What to do: Starting at the line with "Boxer de bain" and ending at the line with "This includes beautiful", print exactly the lines of the entries below. Pictures do not belong in the copy.

Data for review:
________________

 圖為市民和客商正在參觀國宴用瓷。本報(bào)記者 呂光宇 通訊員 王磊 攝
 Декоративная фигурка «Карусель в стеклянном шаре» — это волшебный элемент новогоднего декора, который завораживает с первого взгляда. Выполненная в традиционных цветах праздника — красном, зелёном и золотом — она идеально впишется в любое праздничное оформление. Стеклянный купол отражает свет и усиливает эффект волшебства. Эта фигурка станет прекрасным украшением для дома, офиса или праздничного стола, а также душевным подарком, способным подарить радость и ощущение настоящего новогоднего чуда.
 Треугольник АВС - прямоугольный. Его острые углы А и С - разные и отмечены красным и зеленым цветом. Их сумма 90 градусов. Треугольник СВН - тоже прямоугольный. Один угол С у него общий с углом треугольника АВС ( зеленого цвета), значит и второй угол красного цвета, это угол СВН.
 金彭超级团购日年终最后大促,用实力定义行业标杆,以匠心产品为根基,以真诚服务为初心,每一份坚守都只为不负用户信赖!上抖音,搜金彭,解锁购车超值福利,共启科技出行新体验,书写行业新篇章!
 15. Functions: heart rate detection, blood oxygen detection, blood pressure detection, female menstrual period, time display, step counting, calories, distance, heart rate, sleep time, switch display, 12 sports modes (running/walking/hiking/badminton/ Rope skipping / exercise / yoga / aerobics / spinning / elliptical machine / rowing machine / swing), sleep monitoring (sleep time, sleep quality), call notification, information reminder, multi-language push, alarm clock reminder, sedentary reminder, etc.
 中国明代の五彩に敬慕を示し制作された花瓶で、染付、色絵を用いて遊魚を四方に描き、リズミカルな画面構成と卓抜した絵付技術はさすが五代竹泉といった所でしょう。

________________

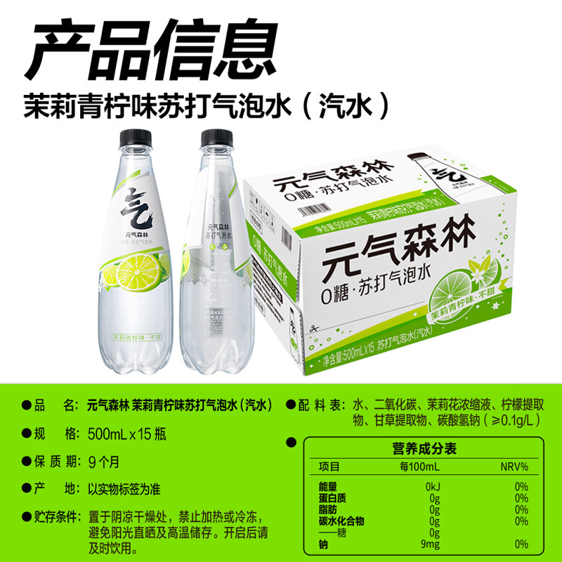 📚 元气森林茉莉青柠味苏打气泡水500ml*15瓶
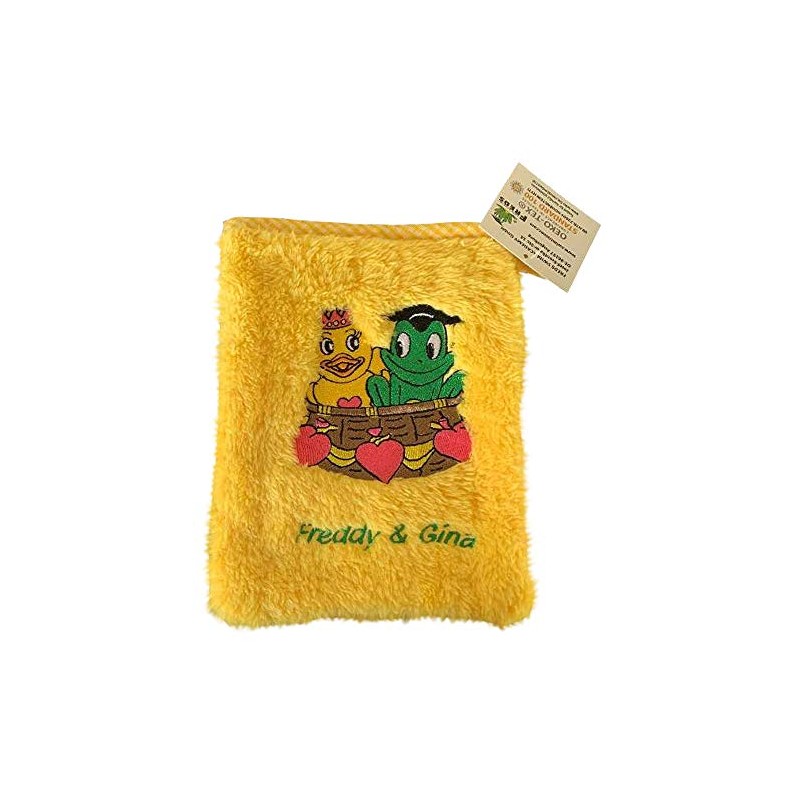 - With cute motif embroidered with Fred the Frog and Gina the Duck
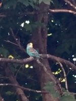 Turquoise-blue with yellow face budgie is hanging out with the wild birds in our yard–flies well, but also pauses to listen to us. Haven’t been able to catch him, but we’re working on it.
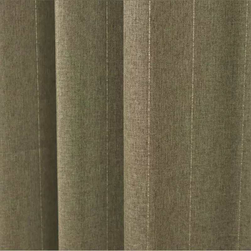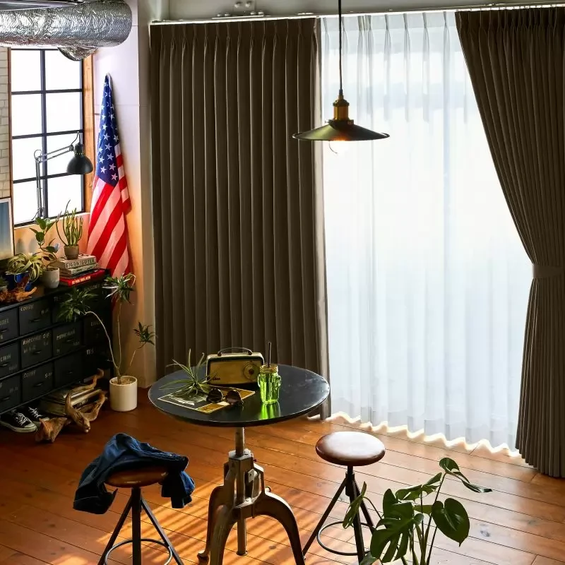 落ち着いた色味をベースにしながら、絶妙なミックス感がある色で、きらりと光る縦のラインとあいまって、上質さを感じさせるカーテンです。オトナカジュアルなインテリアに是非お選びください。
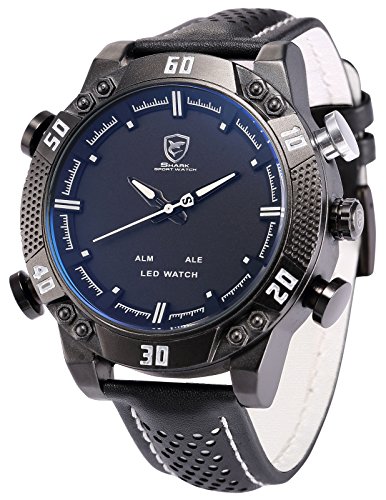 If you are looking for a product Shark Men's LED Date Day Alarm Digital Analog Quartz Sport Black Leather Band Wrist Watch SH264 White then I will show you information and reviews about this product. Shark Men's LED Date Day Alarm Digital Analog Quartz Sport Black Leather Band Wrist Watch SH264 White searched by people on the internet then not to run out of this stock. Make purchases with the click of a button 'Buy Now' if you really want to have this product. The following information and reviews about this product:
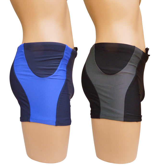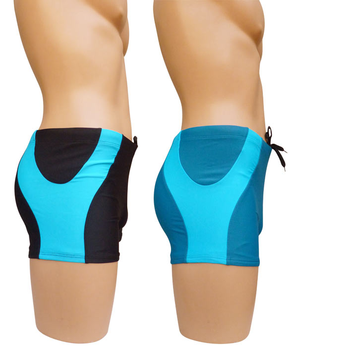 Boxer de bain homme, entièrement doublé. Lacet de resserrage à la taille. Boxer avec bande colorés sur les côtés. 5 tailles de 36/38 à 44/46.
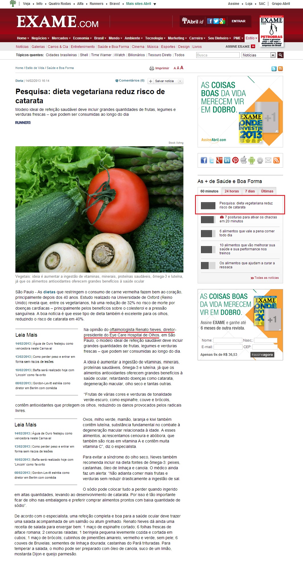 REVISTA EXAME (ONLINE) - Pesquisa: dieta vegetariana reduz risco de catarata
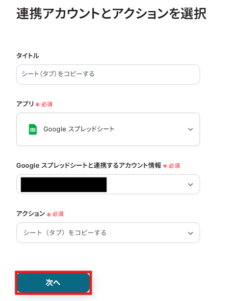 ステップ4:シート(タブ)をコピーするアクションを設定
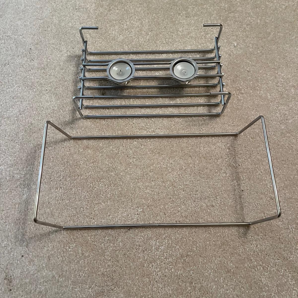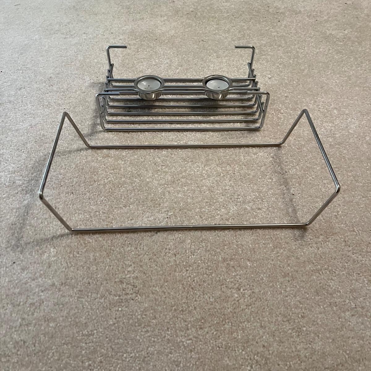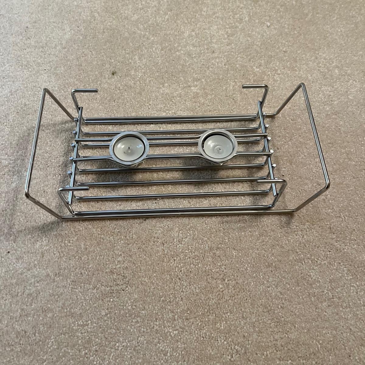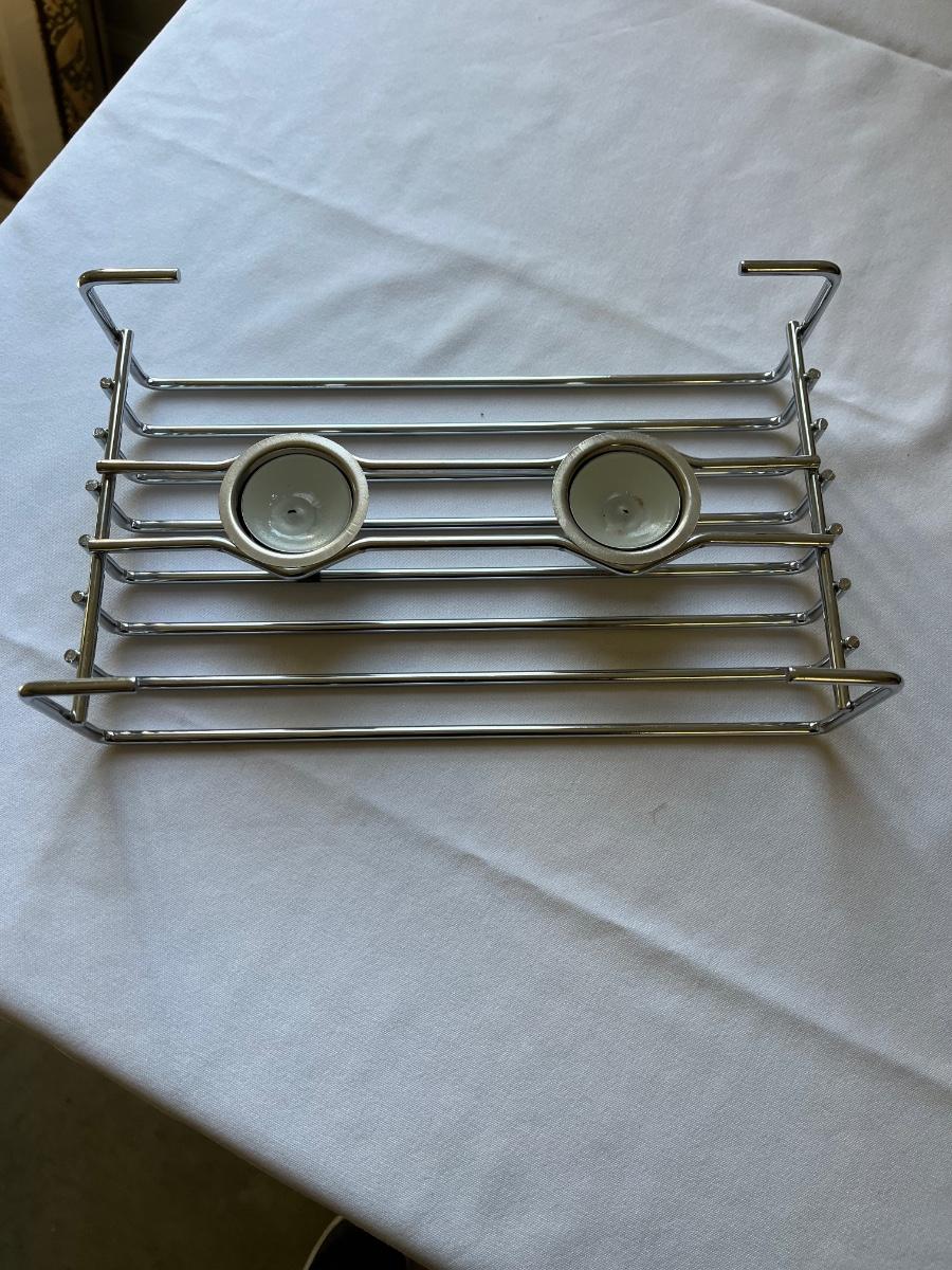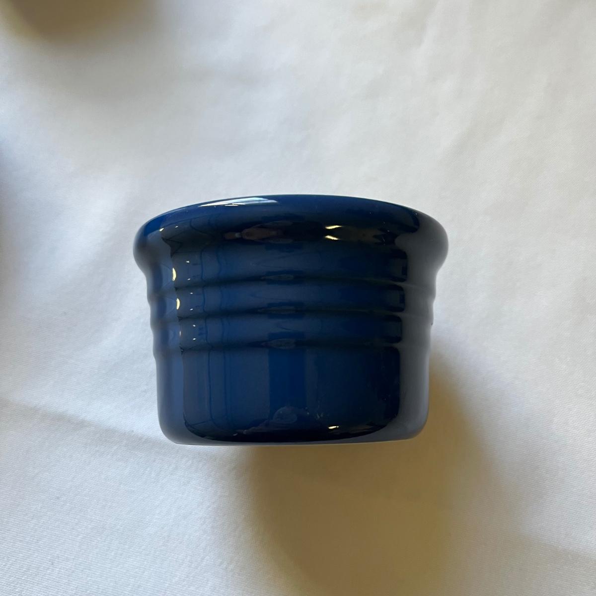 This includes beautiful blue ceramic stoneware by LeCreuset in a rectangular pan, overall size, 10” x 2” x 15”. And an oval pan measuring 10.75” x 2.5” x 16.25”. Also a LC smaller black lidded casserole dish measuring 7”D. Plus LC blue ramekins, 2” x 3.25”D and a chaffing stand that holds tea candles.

________________

Result:
 Boxer de bain homme, entièrement doublé. Lacet de resserrage à la taille. Boxer avec bande colorés sur les côtés. 5 tailles de 36/38 à 44/46.
 REVISTA EXAME (ONLINE) - Pesquisa: dieta vegetariana reduz risco de catarata
 ステップ4:シート(タブ)をコピーするアクションを設定
 This includes beautiful blue ceramic stoneware by LeCreuset in a rectangular pan, overall size, 10” x 2” x 15”. And an oval pan measuring 10.75” x 2.5” x 16.25”. Also a LC smaller black lidded casserole dish measuring 7”D. Plus LC blue ramekins, 2” x 3.25”D and a chaffing stand that holds tea candles.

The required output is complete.